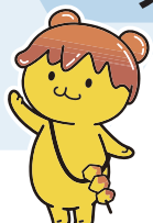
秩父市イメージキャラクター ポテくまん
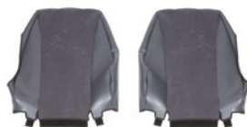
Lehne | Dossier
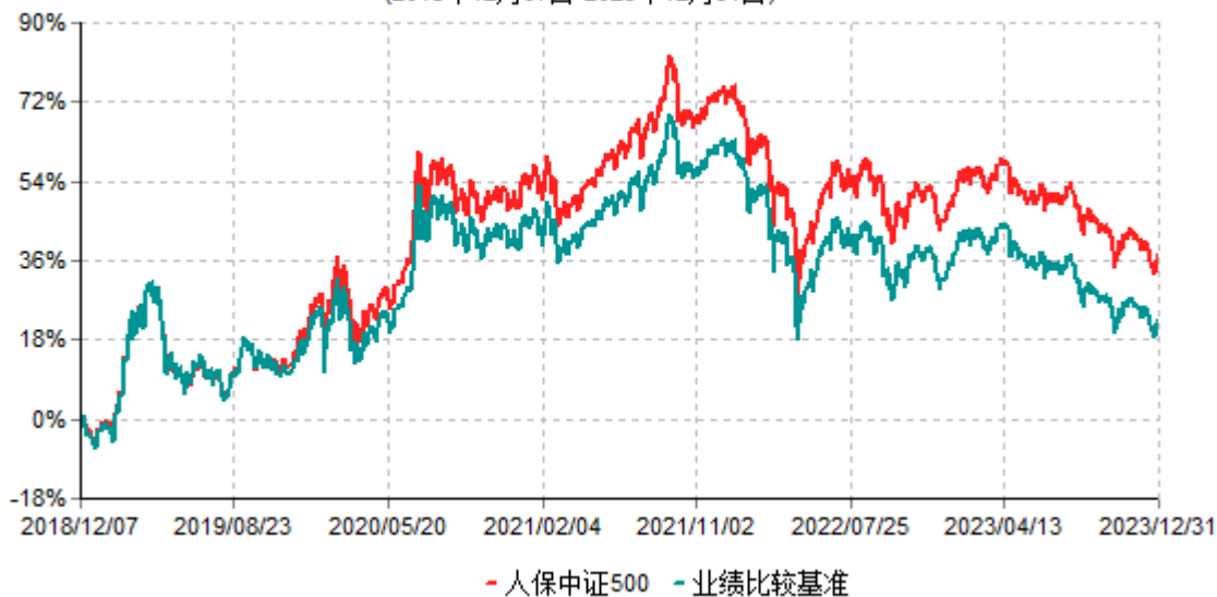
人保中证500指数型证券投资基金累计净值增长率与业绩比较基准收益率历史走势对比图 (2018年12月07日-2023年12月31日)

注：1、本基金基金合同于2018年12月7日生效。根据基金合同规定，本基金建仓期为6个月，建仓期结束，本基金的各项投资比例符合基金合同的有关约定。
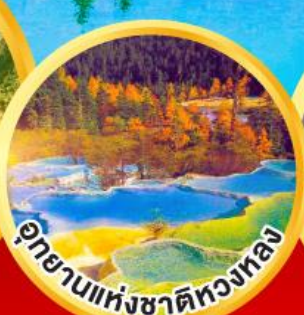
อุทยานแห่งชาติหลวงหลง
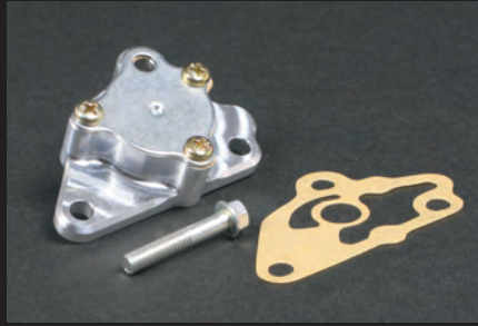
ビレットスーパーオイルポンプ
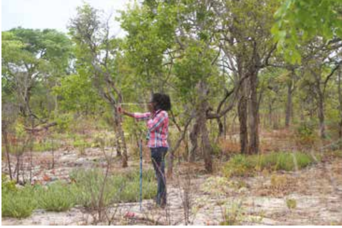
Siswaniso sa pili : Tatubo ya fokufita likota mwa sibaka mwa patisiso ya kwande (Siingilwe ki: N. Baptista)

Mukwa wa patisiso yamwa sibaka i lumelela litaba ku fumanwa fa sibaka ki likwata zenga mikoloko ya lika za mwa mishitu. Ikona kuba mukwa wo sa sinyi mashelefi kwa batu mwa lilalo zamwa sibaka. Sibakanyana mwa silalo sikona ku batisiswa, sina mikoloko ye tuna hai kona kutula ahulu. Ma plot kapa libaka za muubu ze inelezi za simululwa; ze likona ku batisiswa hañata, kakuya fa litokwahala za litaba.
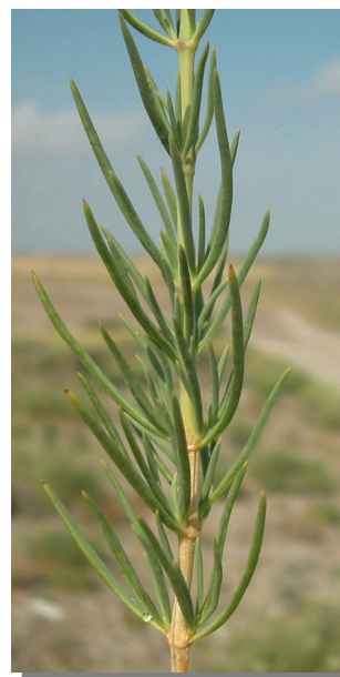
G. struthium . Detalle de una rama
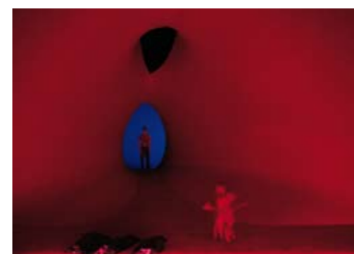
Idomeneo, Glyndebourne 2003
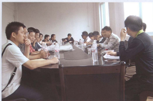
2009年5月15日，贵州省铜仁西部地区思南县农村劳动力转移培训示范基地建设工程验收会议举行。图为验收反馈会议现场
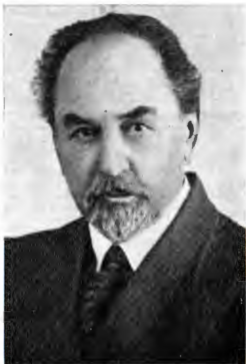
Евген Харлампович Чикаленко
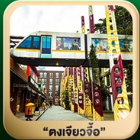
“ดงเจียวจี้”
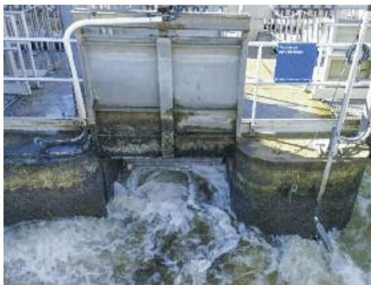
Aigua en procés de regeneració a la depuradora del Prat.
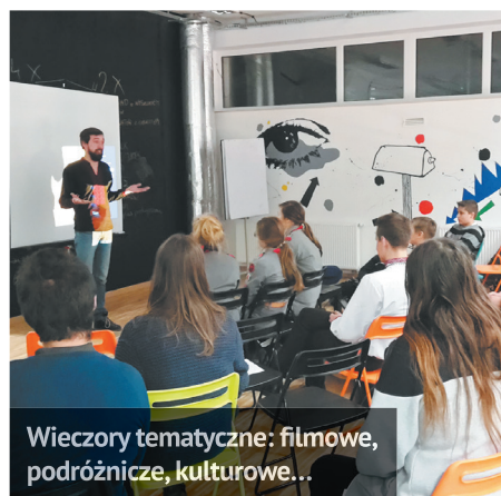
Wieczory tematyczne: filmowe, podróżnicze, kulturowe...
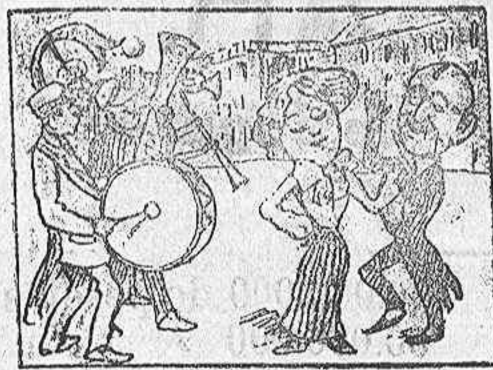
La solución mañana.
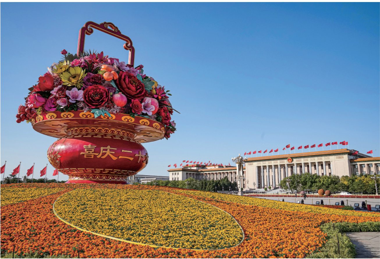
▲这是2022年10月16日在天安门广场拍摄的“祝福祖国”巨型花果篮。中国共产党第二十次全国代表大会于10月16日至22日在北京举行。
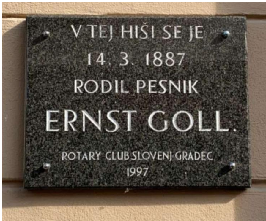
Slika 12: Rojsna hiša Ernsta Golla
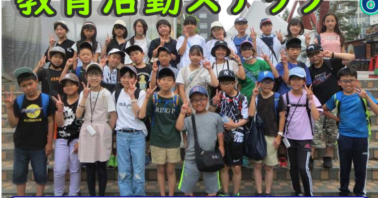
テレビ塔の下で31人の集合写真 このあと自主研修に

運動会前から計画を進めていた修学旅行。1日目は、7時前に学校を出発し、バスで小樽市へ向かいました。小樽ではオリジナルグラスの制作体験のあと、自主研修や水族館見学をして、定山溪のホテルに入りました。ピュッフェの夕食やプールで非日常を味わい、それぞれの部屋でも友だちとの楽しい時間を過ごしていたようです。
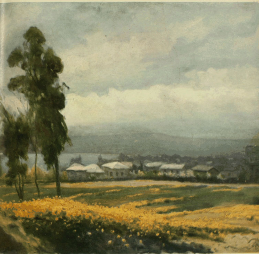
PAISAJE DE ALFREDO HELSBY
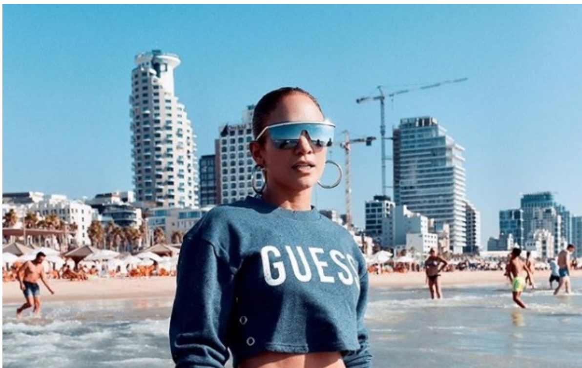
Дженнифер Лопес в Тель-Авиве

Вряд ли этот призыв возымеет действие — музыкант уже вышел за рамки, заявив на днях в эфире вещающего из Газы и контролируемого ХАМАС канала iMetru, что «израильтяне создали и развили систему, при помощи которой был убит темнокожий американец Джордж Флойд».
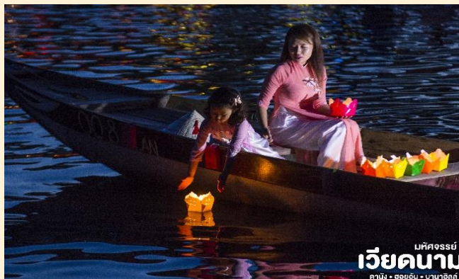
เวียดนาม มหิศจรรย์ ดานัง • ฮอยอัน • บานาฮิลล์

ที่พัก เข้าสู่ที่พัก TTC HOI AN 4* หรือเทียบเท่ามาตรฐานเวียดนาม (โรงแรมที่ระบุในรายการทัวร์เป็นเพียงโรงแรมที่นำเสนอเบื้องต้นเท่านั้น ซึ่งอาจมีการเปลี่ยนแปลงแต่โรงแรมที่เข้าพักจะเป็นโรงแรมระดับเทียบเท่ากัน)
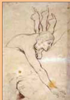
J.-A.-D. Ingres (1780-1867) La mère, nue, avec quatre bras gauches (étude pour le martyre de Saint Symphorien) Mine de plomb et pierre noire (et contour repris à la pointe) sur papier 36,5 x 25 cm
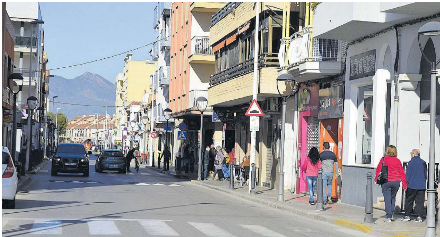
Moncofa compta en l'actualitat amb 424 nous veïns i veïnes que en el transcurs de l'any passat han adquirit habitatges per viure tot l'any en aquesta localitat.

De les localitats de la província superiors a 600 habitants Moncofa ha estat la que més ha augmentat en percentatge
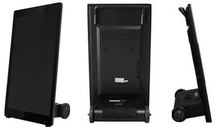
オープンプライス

Exercise:
Output the material above exactly as written and drop any images it holds.

Response:
秩父市イメージキャラクター ポテくまん
Lehne | Dossier
人保中证500指数型证券投资基金累计净值增长率与业绩比较基准收益率历史走势对比图 (2018年12月07日-2023年12月31日)

注：1、本基金基金合同于2018年12月7日生效。根据基金合同规定，本基金建仓期为6个月，建仓期结束，本基金的各项投资比例符合基金合同的有关约定。
อุทยานแห่งชาติหลวงหลง
ビレットスーパーオイルポンプ
Siswaniso sa pili : Tatubo ya fokufita likota mwa sibaka mwa patisiso ya kwande (Siingilwe ki: N. Baptista)

Mukwa wa patisiso yamwa sibaka i lumelela litaba ku fumanwa fa sibaka ki likwata zenga mikoloko ya lika za mwa mishitu. Ikona kuba mukwa wo sa sinyi mashelefi kwa batu mwa lilalo zamwa sibaka. Sibakanyana mwa silalo sikona ku batisiswa, sina mikoloko ye tuna hai kona kutula ahulu. Ma plot kapa libaka za muubu ze inelezi za simululwa; ze likona ku batisiswa hañata, kakuya fa litokwahala za litaba.
G. struthium . Detalle de una rama
Idomeneo, Glyndebourne 2003
2009年5月15日，贵州省铜仁西部地区思南县农村劳动力转移培训示范基地建设工程验收会议举行。图为验收反馈会议现场
Евген Харлампович Чикаленко
“ดงเจียวจี้”
Aigua en procés de regeneració a la depuradora del Prat.
Wieczory tematyczne: filmowe, podróżnicze, kulturowe...
La solución mañana.
▲这是2022年10月16日在天安门广场拍摄的“祝福祖国”巨型花果篮。中国共产党第二十次全国代表大会于10月16日至22日在北京举行。
Slika 12: Rojsna hiša Ernsta Golla
テレビ塔の下で31人の集合写真 このあと自主研修に

運動会前から計画を進めていた修学旅行。1日目は、7時前に学校を出発し、バスで小樽市へ向かいました。小樽ではオリジナルグラスの制作体験のあと、自主研修や水族館見学をして、定山溪のホテルに入りました。ピュッフェの夕食やプールで非日常を味わい、それぞれの部屋でも友だちとの楽しい時間を過ごしていたようです。
PAISAJE DE ALFREDO HELSBY
Дженнифер Лопес в Тель-Авиве

Вряд ли этот призыв возымеет действие — музыкант уже вышел за рамки, заявив на днях в эфире вещающего из Газы и контролируемого ХАМАС канала iMetru, что «израильтяне создали и развили систему, при помощи которой был убит темнокожий американец Джордж Флойд».
เวียดนาม มหิศจรรย์ ดานัง • ฮอยอัน • บานาฮิลล์

ที่พัก เข้าสู่ที่พัก TTC HOI AN 4* หรือเทียบเท่ามาตรฐานเวียดนาม (โรงแรมที่ระบุในรายการทัวร์เป็นเพียงโรงแรมที่นำเสนอเบื้องต้นเท่านั้น ซึ่งอาจมีการเปลี่ยนแปลงแต่โรงแรมที่เข้าพักจะเป็นโรงแรมระดับเทียบเท่ากัน)
J.-A.-D. Ingres (1780-1867) La mère, nue, avec quatre bras gauches (étude pour le martyre de Saint Symphorien) Mine de plomb et pierre noire (et contour repris à la pointe) sur papier 36,5 x 25 cm
Moncofa compta en l'actualitat amb 424 nous veïns i veïnes que en el transcurs de l'any passat han adquirit habitatges per viure tot l'any en aquesta localitat.

De les localitats de la província superiors a 600 habitants Moncofa ha estat la que més ha augmentat en percentatge
オープンプライス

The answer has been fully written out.